> What is needed
Your answer should be every line of the records that contains the word "Чертаново".

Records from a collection
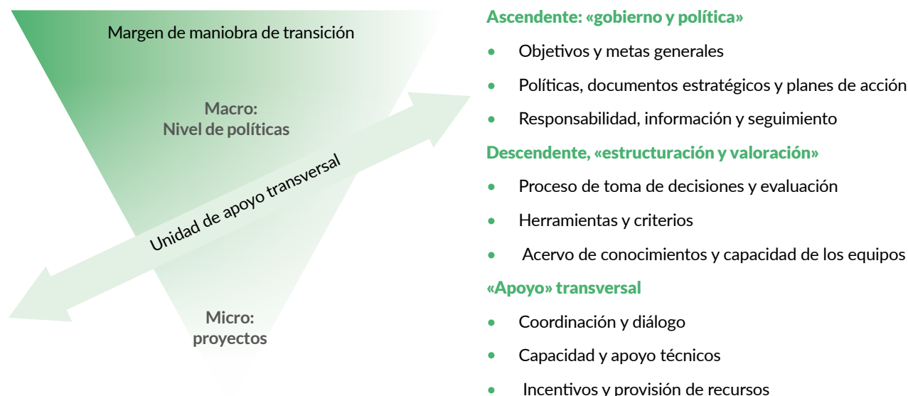
Figura n.º 1: Proceso de toma de decisiones e impacto de la información relacionada con el cambio climático
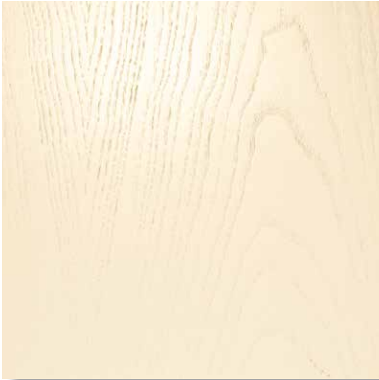
16/M LACCATO AVORIO
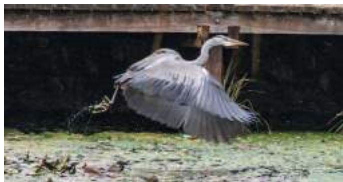
Szerencsen már visszatérő madárnak számít a szürke gém.

A szürke gém egy költöző madár, az európai állomány nagyobb része Afrikában tölti a telet, néhányuk azonban mégis úgy dönt, hogy Magyarországon marad a leghidegebb hónapokban is. A hazai állományt 2500-3500 fészkelő párba becsülik a szakemberek, elsősorban a Tisza-tó és a Felső-Tisza vidékén élnek. Az Északi-középhegységben a legkisebb az állomány sűrűsége, itt ritkaságnak számít. Alapvetően társas madárnak számít, ennek ellenére mégis egyedül vadászik. Halakkal, kételtűekkel, csigákkal, hüllőkkel, kisemlősökkel és rákokkal táplálkozik. Vadászati stratégiáját gyorsaságára és a kivárára építi: általában mozdulatlanul áll a sekélyesben, várva az áldozatot, majd hegyes csőrével lecsap. Olykor úsznia is kell, ami nem okoz neki gondot. Magyarországon védett madárnak számít, eszmei értéke: 50.000 forint.
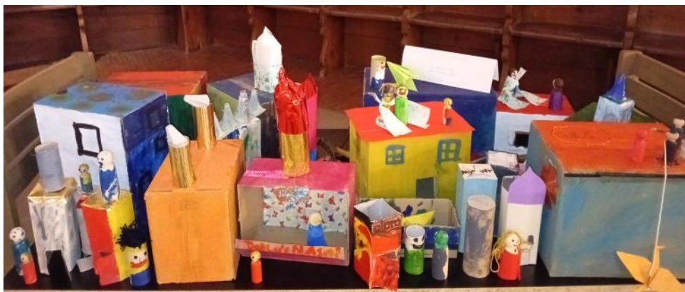
Kinder gestalteten das himmlische Jerusalem beim Kinderbibeltag
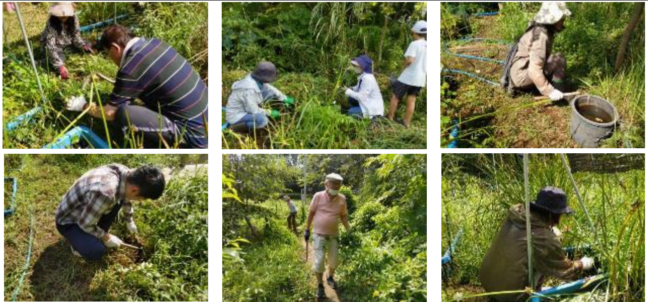
夏草刈りに精を出す参加者の皆さん、残暑厳しい中、お疲れさまでした！（上6枚）
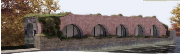
Impressie restauratie kazemat Lunet II

De forten Lunet I, II, III en IV krijgen een opknapbeurt. Begin april pakken wij de werkzaamheden aan de zuidelijke kazemat (bunker) op Lunet II weer op. We hebben gekozen voor een andere manier van restaureren dan bij de kazematten op Lunet I, III en IV. Hierdoor blijft de huidige uitstraling van het gebouw behouden. Deze werkzaamheden ronden we naar verwachting in de zomer af. Dan is de restauratie van de vier Lunetten forten helemaal klaar.
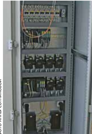
Вычислительный центр СЦБ

сегодняшний день завершён первый из них. Новые технологии внедрены в маневровом районе Кварцитная. Здесь оборудовано автоматизированное рабочее место диспетчера, релейная, установлены напольные устройства, включающие в себя датчики счёта осей. Работе
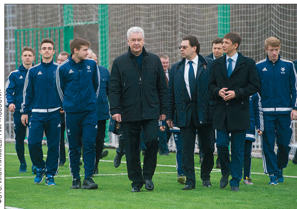
Мэр Москвы Сергей Собянин на открытии всесезонного футбольного поля в районе Чертаново Северное.

В центре «Чертаново» работают 53 тренера и 22 педагога. Помимо нового поля, центр
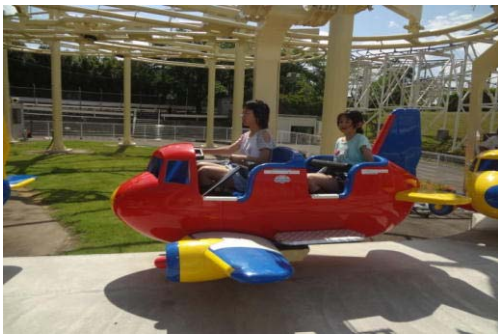
飛行機操縦！（ベニーランド①）
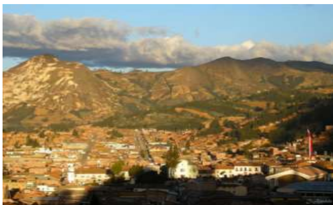
Figura 1. Vista de la ciudad de Huamachuco

El distrito de Huamachuco (Fig. 1), de acuerdo a la tipificación de las regiones naturales del país por Pulgar Vidal corresponde a la denominada Región Quechua, con clima templado a frío y con escasa humedad y lluvias en el verano (enero- marzo), cuenta con 55 Centros poblados, de los cuales 3 son urbanos (Huamachuco, Shiracmaca y Yanasara) y los otros 52 son rurales.
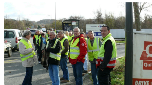
Blocage de l'entrée du centre commercial Carrefour.
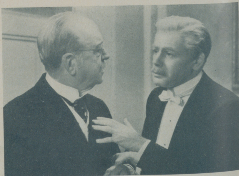
Envejecer es un arte y así lo demuestra PAUL MUNI en esta interesante escena

esos hombres que a los cuarenta quieren parecer muchachos modernos, con
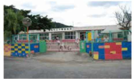
築50年が経過した大勝保育所
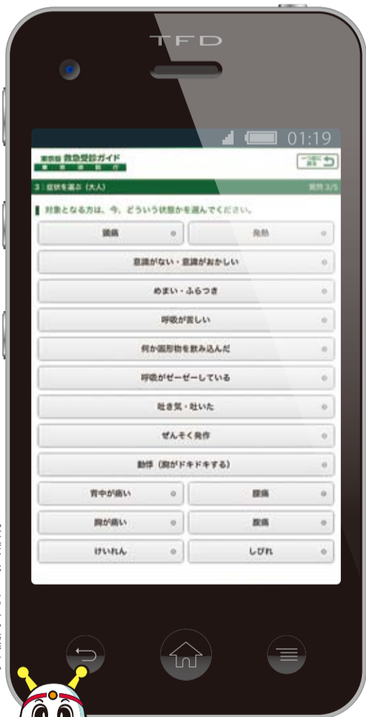
※写真はスマートフォン版です。
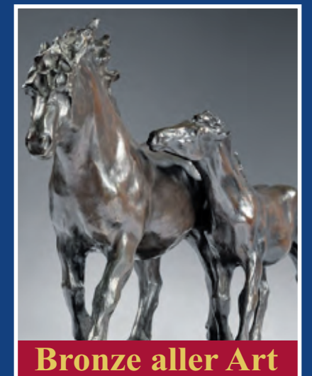
Bronze aller Art

Kostenlose Expertise & Bewertung - Wir zahlen bis zu 167,50 € pro Gramm!
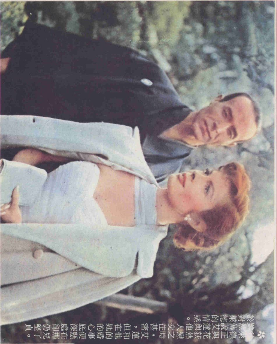
* 雖然艾蓮正與花狹熱戀之時，艾蓮和他的婚事便懸在那兒了。於對萊德的情感。他人在她的底深處卻仍堅貞。
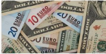
Währungsunion: Chancen und Grenzen aus persönlicher Sicht

> Solution for this task
Мэр Москвы Сергей Собянин на открытии всесезонного футбольного поля в районе Чертаново Северное.
В центре «Чертаново» работают 53 тренера и 22 педагога. Помимо нового поля, центр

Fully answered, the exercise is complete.